Catling's excavation revealed a bronze aryballos of the 7th century BCE with an incised boustrophedon inscription, ΔΕΙΝΙΣ ΤΑΔΕ' ΑΝΕΘΕΚΕ ΧΑΡΙ[-] ϜΕΛΕΝΑΙ ΜΕΝΕΛΑϜΟ ("Deinis offered this as a gift to Helen, [wife of] Menelaus"). A bronze instrument object of uncertain use, perhaps a harpax, bears another dedication to Helen, dated to the 6th century BCE: ΤΑΙ ϜΕΛΕΝΑΙ ("To Helen"). The next year Catling discovered, in the bottom of a cistern, a blue limestone stele of the early 5th century BCE, which had once supported a bronze statuette and which bore the inscription ΕΥΘΥΚΡΕΝΕΣ ΑΝΕΘΕΚΕ ΤΟΙ ΜΕΝΕΛΑΙ ("Euthykrenes dedicated [this] to Menelaus). These inscriptions confirmed the identification of the structure, first proposed by Ross, as a heroon dedicated to Menelaus and Helen.

===Richard Catling===
Richard Catling (Hector Catling's son) continued excavations in Therapne during the 1980s, on a terrace of the south side of Menelaion hill. His site consisted of disturbed strata filled with sub-geometric and early archaic votive offerings. In the same place have been discovered the walls and the floor of a structure dated to late 13th and 12th century BCE. Since some votive offerings have been associated with the remains of the Mycenaean construction, R. Catling expressed the view that they were votive offerings to the hero or heroine of the Bronze Age.

==Stratigraphy==
As monument, Menelaion presents different stratigraphic and architectural phases:

The first phase, probably late 8th or early 7th century BC, is not linked to a specific architectural edifice, but scattered limestone blocks. Blocks' relative dating depends on their correlation with strata in which relevant votive offerings were uncovered.

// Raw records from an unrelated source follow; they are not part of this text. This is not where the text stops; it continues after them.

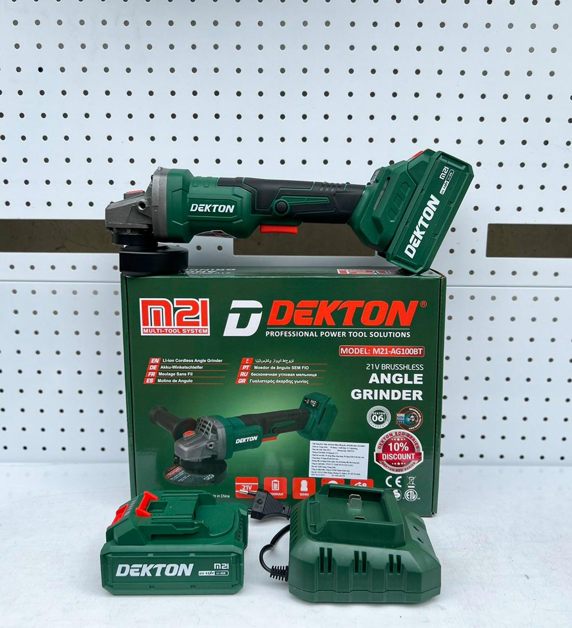✨MÁY MÀI GÓC SỬ DỤNG PIN 21V (CHÂN PIN PHỔ THÔNG) 100mm DEKTON M21-AG100BTV - HÀNG CHÍNH HÃNG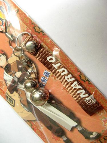 This is phone strap and charm from the popular anime and manga series, Naruto. The phone strap is about 3-inches long and is red with the inchesNaruto inches series title printed on it in yellow. The silver-colored charm is about 1-inch long of Gaara's gourd.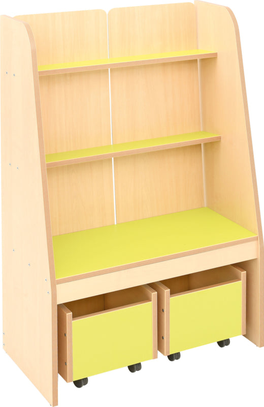 Gemaakt van gelamineerd spaanplaat in een berken kleur met kleurrijke accenten.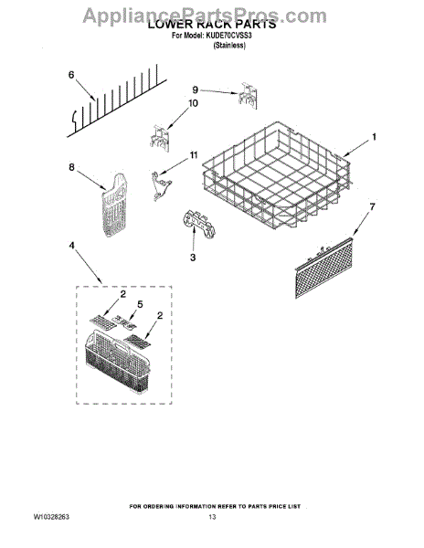 Parts for Kitchenaid KUDE70CVSS3: 10 - Lower Rack Parts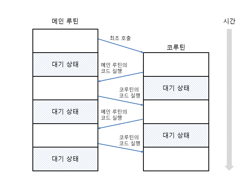 위 그림처럼 코루틴은 함수가 종료되지 않은 상태에서 메인 루틴의 코드를 실행한 뒤 다시 돌아와서 코루틴의 코드를 실행한다.

During the second phase, probably in the sixth century BC it seems that a small monumental structure has been built made of limestone. Building materials have been found out of archaeological context, either in landfills or preserved in late structure. This Ancient Menelaion survived until the fifth century BC when it was demolished to be replaced with a structure, whose ruins are visible to this day.

The third, classical, phase is connected with the 5th century BC and stratigraphy indicates that the new sanctuary was built upon the ancient edifice, although some researchers believe that Ancient Menelaion was actually recognized as a warehouse during the excavations of 1909.